- AVAILABLE RECORDS
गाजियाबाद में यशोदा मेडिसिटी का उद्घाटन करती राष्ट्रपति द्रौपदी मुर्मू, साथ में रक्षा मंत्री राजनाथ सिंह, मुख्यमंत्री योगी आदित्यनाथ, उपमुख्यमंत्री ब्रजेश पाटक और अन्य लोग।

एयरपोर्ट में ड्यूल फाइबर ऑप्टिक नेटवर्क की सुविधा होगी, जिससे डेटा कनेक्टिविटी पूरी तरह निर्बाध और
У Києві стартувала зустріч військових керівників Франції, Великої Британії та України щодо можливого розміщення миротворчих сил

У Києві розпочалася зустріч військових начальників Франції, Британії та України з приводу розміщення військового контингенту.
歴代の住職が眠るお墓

==

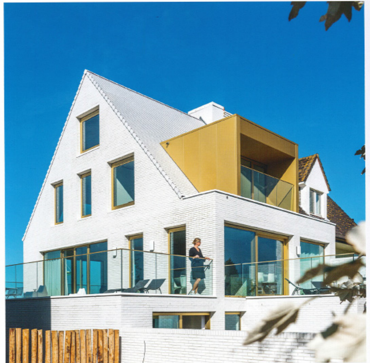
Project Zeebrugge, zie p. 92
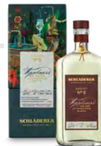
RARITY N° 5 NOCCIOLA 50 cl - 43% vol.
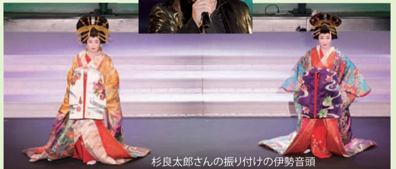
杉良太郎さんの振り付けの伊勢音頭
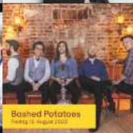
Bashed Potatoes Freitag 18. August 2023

- PROMPT
The word "військових" occurs on some lines of the data. Give the number of those lines only.

- WRITTEN SOLUTION
2